Il ricorso all’indebitamento come soluzione alternativa potrebbe risultare,
quindi, più conveniente, anche se bisogna considerare il peso degli oneri
finanziari sulla struttura economica dell’azienda, l’applicazione di tassi di
interesse elevati, la richiesta di garanzie ai soci o a terzi, oltre al fatto che
spesso gli istituti di credito rifiutano contratti a proposte di investimento con
elevato tasso di rischio.
In via generale, quindi, il ricorso all’autofinanziamento rappresenta per
l’azienda un rischio molto limitato, mentre indebitandosi il rischio diventa
decisamente superiore.
Sotto il profilo finanziario, la quotazione può portare ad un miglioramento
della struttura aziendale, rafforzando l’azienda che avrà minore necessità di
attingere dal capitale di debito, con conseguente vantaggio a livello di
Debt/Equity. In conseguenza di questo, si contrarrà notevolmente il rischio
finanziario ed il peso degli oneri finanziari e sarà anche possibile ottenere
una riduzione dei tassi passivi applicati, a seguito del miglioramento della
posizione contrattuale nei confronti degli istituti di credito.

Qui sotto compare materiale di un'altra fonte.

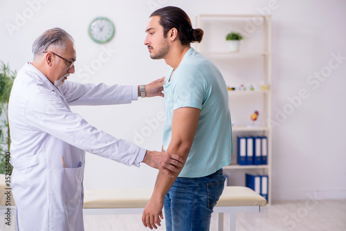 © Elnur, Obraz premium Young back injured man visiting experienced male doctor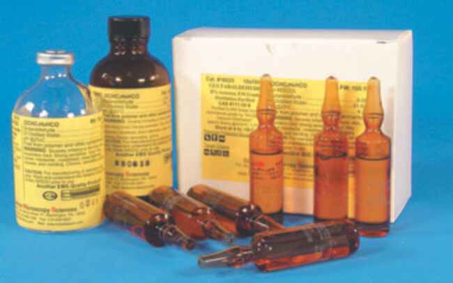 This EM grade aqueous glutaraldehyde, the universal fixative for electron microscopy, is assayed prior to shipping assuring consistent purity and the highest possible quality, free from polymers and other possible contaminents. Purified to EM grade from commercial grade by "all-glass vacuum-distillation". If stored properly, it has a very long shelf life. Packaged in 10 ml, single dose ampoules, sealed under dry nitrogen, and kept refrigerated until it is shipped. EM grade aqueous glutaraldehyde, stored in volumes greater than 100 ml, with repeated defrosting and recapping, will polymerize in time, producing an absorption peak of 235nm rather than the 280nm of pure EM grade. The presence of polymerized glutaraldehyde greatly reduces its efficiency as a cross-linking agent, preventing proper fixation. For this reason, we provide 10 ml ampoules and 100 ml bottle quantities for larger applications.
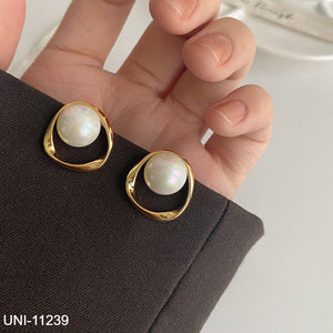 UNI-11239 - Pearl & Gold Round - Earring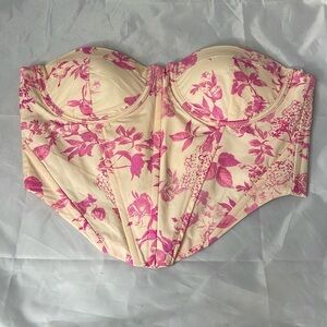 OLIVACEOUS Pauline Floral Boned Corset Top Pink Cream Push Up Padded Adjust S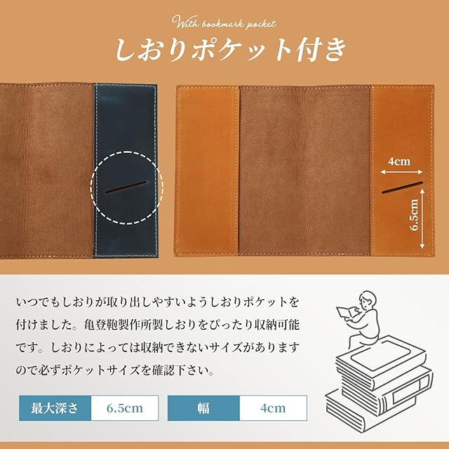 ️【しおりポケット付き】 いつでもしおりが取り出しやすいようしおりポケットを付けました。亀登鞄製作所製しおりをぴったり収納可能です。しおりによっては収納できないサイズがありますので必ずポケットサイズ確認下さい。 しおりポケットサイズ(最大深さ:6.5cm 幅:4cm)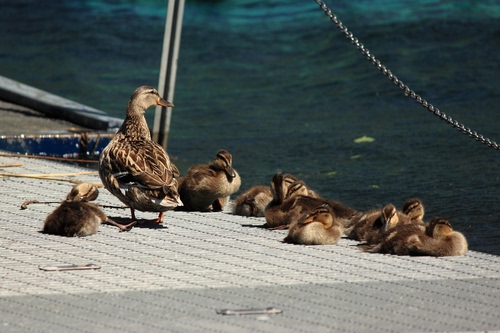Altri tag (senza riscontro): germano, paperotti, riposo, nidiata, nati, germani, lago, catena, corda, cemento, reale, piccoli, molo.

Per concludere, quindi, la quotazione, sebbene comporti tutta una serie di
problematiche di peso non indifferente, può sicuramente essere considerata
una valida alternativa di finanziamento, rivelandosi per certi aspetti la più
conveniente, dal momento che attribuisce all’azienda anche un valore in
termini di immagine e di prestigio per la stessa.